How much does MOSFET gate-> Driver circuit distance matter in my case?(very low frequency)

I've read many articles stating the importance of minimizing the distance to avoid stray capacitance/inductance. However these articles all focus on using MOSFETs for high frequency applications on tiny PCBs, where super fast switching times are paramount. In my case there is no real hurry from the coilguns point of view. The coils are "ON" for at least a millisecond at a time, followed by tens of ms of "OFF" time. So I've gone with the assumption that distance doesn't really concern me.

This was further encouraged by my first serious test setup where i had ~15cm between a gate driver mounted on a solderless breadboard and the MOSFET. The test went perfectly, it operated at ~10cycles/second (9ms ON, 91ms OFF) in 30cycle bursts, with no apparent trouble (no broken MOSFET). I lack the expertise and equipment to really measure things like turn on speed or such, so I have no idea if the MOSFET was operating well, or if a shorter better circuit would really pay off in the long run.

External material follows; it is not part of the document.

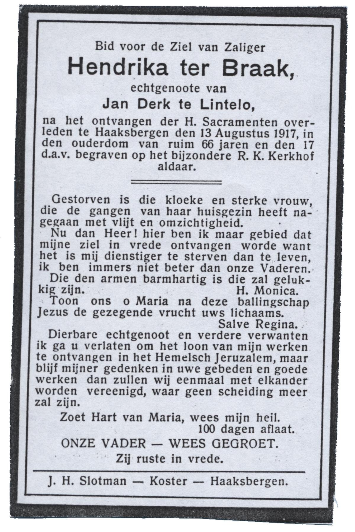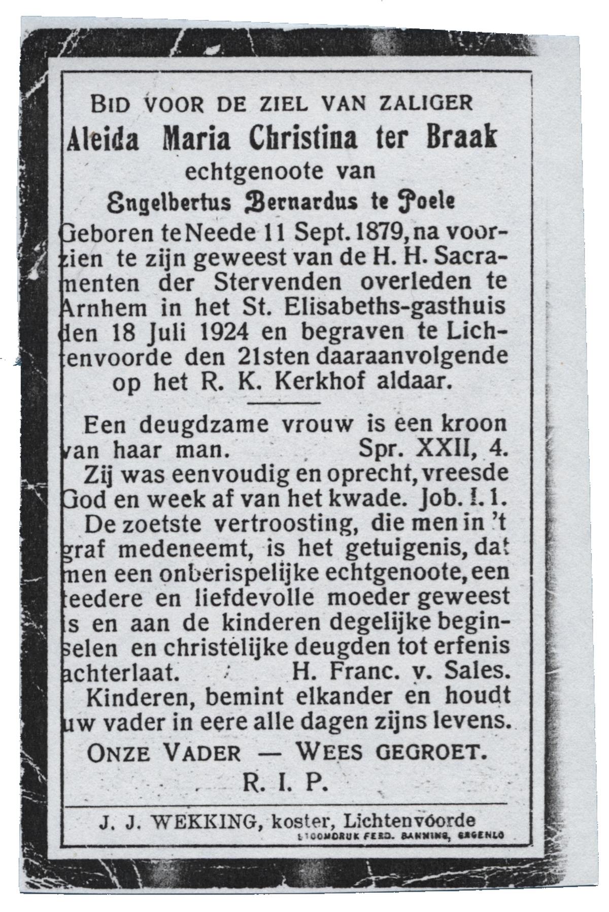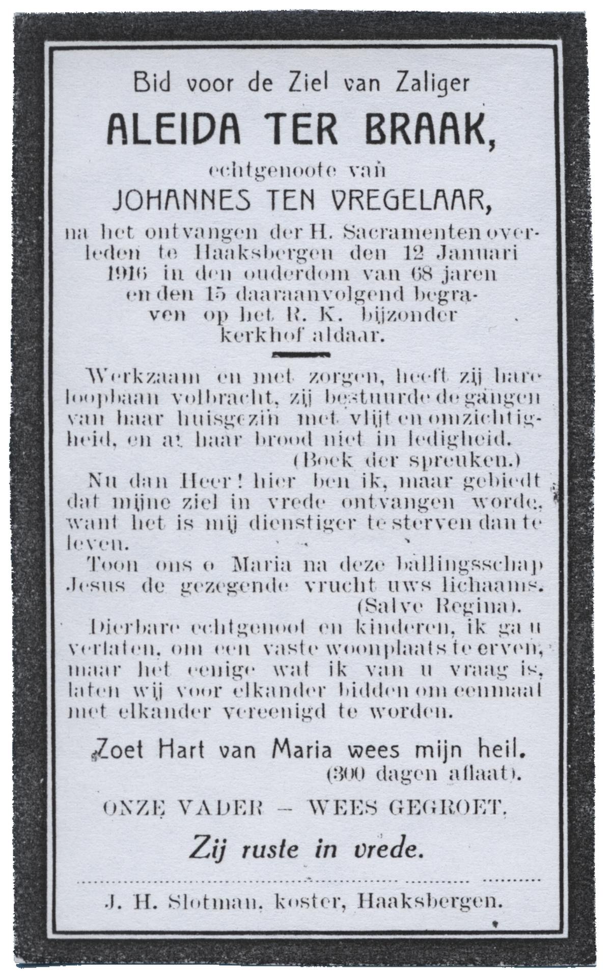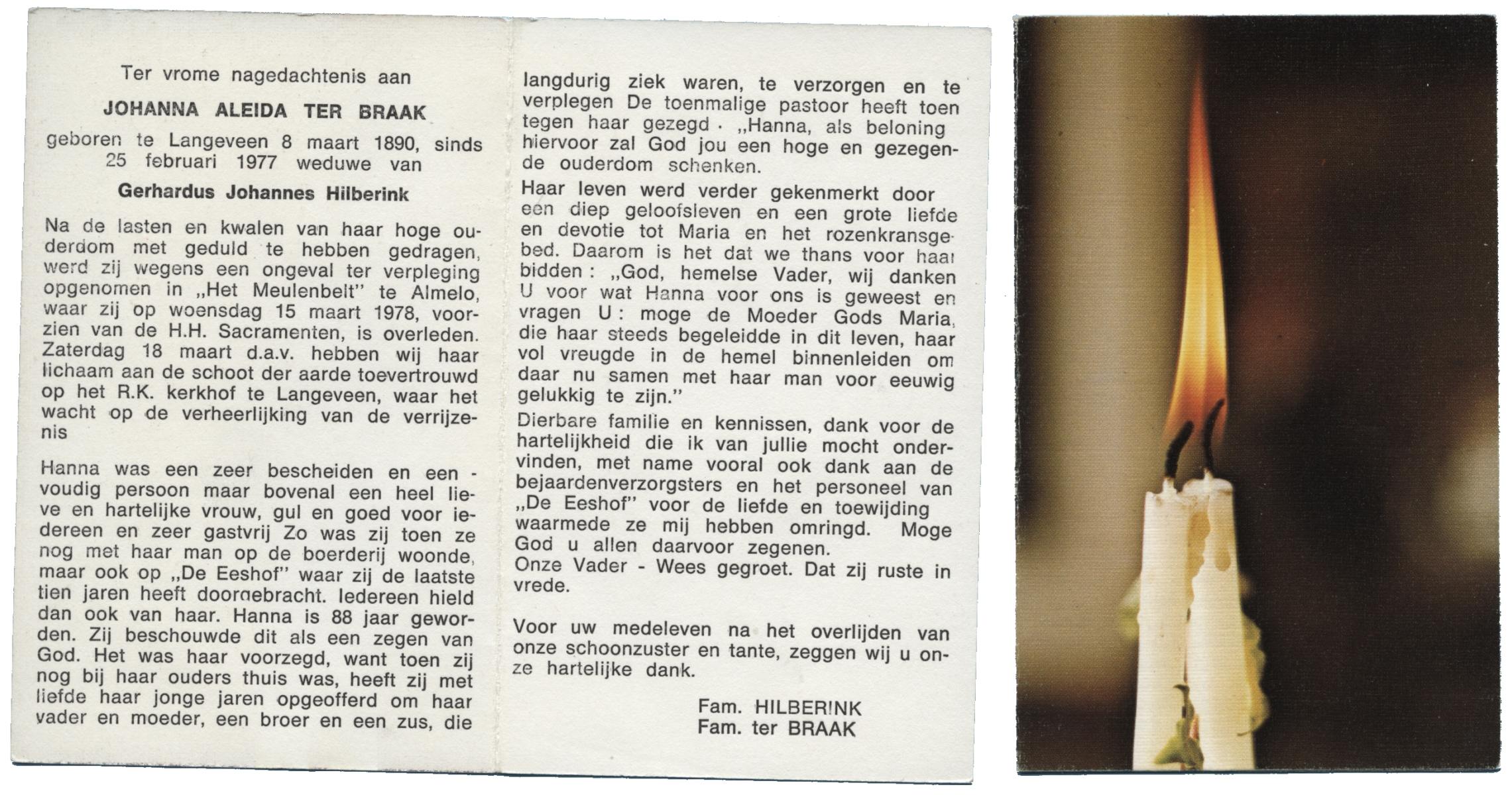 BRAAK, Ter, Johanna Aleida, geboren op 08-03-1890 te Langeveen, overleden op 15-3-1978 te Almelo op 88-jarige leeftijd, begraven op 18-3-1978 te Langeveen.

I would be fine with what i have, but the full-scale coilgun will be ~80cm long. If i place all the drive circuits on one board at the spot where i would want to have it, the longest distance would be ~60cm. Would this matter? I would prefer not placing individual gate drivers next to each mosfet (which must be under the coils due to space issues).

I use:

  1. MOSFET:IXTN660N04T4
  2. Driver:MCP1407
  3. LiPo: 6S = 25 Volts
  4. Coil: ~70mOhm, ~10-100microHenry

Thank you in advance!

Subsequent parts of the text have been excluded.